Reincorporation — also known as corporate inversion or corporate expatriation — has been around for decades, but the accounting maneuver has become increasingly popular as economic conditions lower the costs and raise the rewards.

At least 25 major corporations have reincorporated or set up shop in Bermuda or the Cayman Islands in the past decade, 11 of them since 2000. Treasury Department officials decline to estimate how much those reincorporations have cost the government in lost tax revenue, but the congressional Joint Committee on Taxation estimates that legislation to combat flight offshore would reap between $1.5 billion and $8 billion in revenue over the next decade.

The benefits to reincorporation are stark. The United States, with its 35 percent corporate income tax and its byzantine rules for taxing worldwide profits, is not a particularly friendly tax environment, especially compared with Bermuda, where there is no corporate income tax. Under U.S. tax law, a company can be based in Bermuda even if its presence on the island consists of a file drawer and a lawyer. European and Canadian companies would have to move their head offices — or "central mind and management" — to the Caribbean to pull it off, said Brian Arnold, an international corporate tax expert and emeritus professor of law at the University of Western Ontario.

By creating a foreign "parent" corporation in Bermuda, a U.S. company can greatly reduce its taxes on foreign sales. More importantly, it can sharply reduce taxes on U.S. operations. Through accounting maneuvers, the parent company can shift its debt disproportionately to its U.S. "subsidiary," then deduct the interest payments from its American taxes.
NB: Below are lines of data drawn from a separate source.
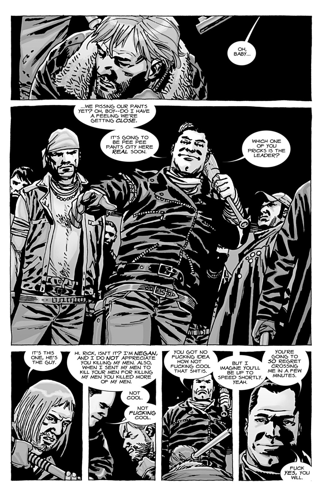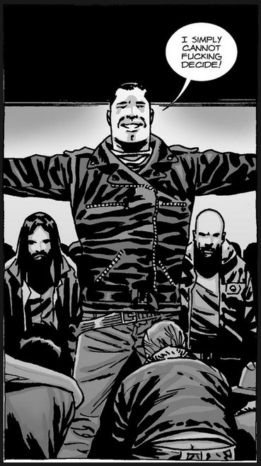 While the plot is conceptually high-handed and well thought out, the writing in the issue is poor upon Negan’s appearance through to the end. Where the opening pages are well-paced with dialogue suitable to the conversation between the characters — Rick’s defeatism, anger and apathy healthily apparent throughout — Negan’s speech is contrived, redundant and forced. Negan, who’s very much an over-bearing jerk, repeatedly emphasizes that things are changing in this landscape he now wishes to rule; a point he highlights both before and after the violent beating. The dialogue’s redundancy gives Negan a very single note personality, as though he has nothing else relevant to say or that Kirkman didn’t have enough script to fill the final pages of the issue. While the first offering works on its own, the second helping of Negan and Rick’s conversation is forced and adds nothing more than reinforcement of the principle of the societal order’s shift. This makes the final pages tedious to read, creating an underwhelming ending to what at least conceptually should have been a defining shift in the book’s direction.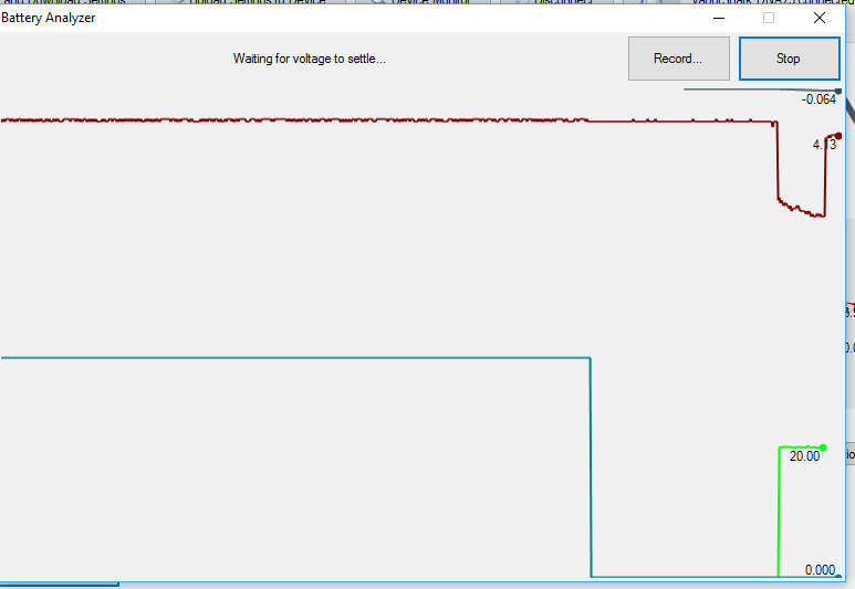 9. UPDATE: The charge rate dropped to zero and after a short period the message said it was waiting for voltage to settle and then the analyzer started doing it's job. Here is the screen showing the first firing of the device. So, the analyzer works with the Switchbox 75.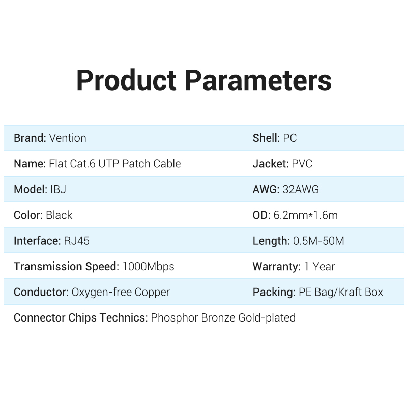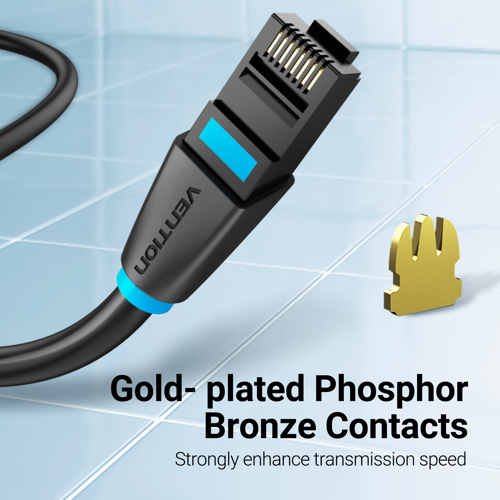 Cáp nối VENTION Cat.6 linh hoạt có lớp vỏ PVC bên ngoài bền để bảo vệ và các đầu nối RJ45 được mạ vàng để truyền dữ liệu chính xác và kết nối không bị ăn mòn.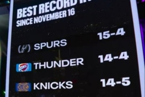 马刺主场迎战骑士,转播方晒出近一个半月(11月16日至今)的战绩排名: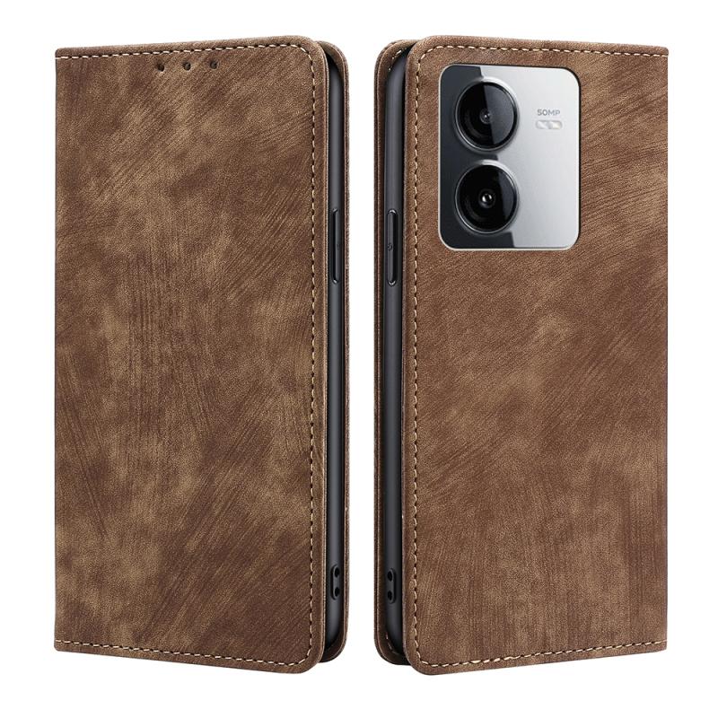 Θήκη τηλεφώνου από δέρμα με μαγνήτη και αντι-κλοπής RFID για vivo Y78T 5G / iQOO Z8x 5G (Καφέ)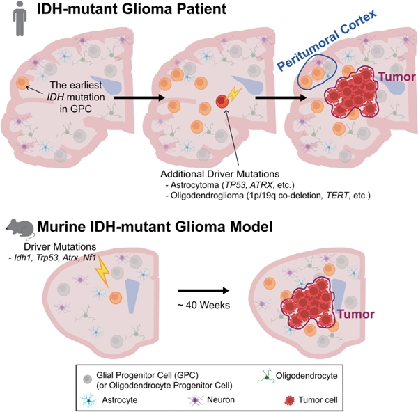 结合细胞类型特异性突变分析、克隆进化方向、来自患者大脑的空间转录组学以及由突变的少突胶质细胞祖细胞产生的癌症小鼠模型,该研究确定具有初始IDH突变的胶质祖细胞负责IDH突变胶质瘤的发展。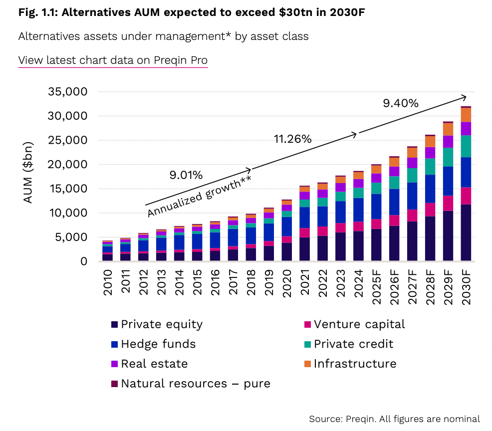 Private markets AUM (assets under management) growth is filling the public markets gaps, as shown below.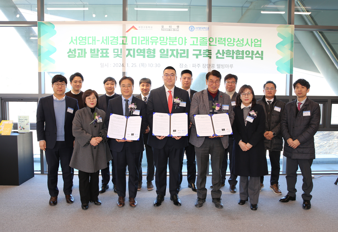 O. 우리대학(총장 김정수)은 1월25일(금) 주식회사 모터원(대표이사 손영호), 세경고등학교(교장 장계홍)와 「미래유망분야 고졸인력 양성사업」 관련 지역형 일자리 구축 및 산학협력을 통한 지역 우수 고졸인력 양성을 위한 업무협약을 체결하였다.

Before Stanley Works announced this month that it would call off its reincorporation, it predicted that the move to Bermuda would shave about $30 million a year off its U.S. tax bill. But the company paid only about $7 million in taxes last year on foreign income. The implication: More than three quarters of the projected tax savings would have come from U.S. profits.

"That is where the real juice is on these inversions," a Treasury Department official said.

The recent wave of reincorporations began at the height of the go-go 1990s, when tax avoidance became a central route to meeting Wall Street profit forecasts. Some of the recent corporate expatriates include companies caught in the net of accounting scandals, such as Tyco Ltd., the New Hampshire conglomerate that reincorporated in Bermuda in 1997, and telecommunications company Global Crossing Ltd., which also set up shop on the Atlantic island that year and is now under Chapter 11 bankruptcy protection.

Moreover, once one company does it, rivals feel forced to follow. Stanley Works made its move after two of its competitors, Cooper Industries Inc. of Houston and Ingersoll-Rand Co. of New Jersey, bolted for Bermuda.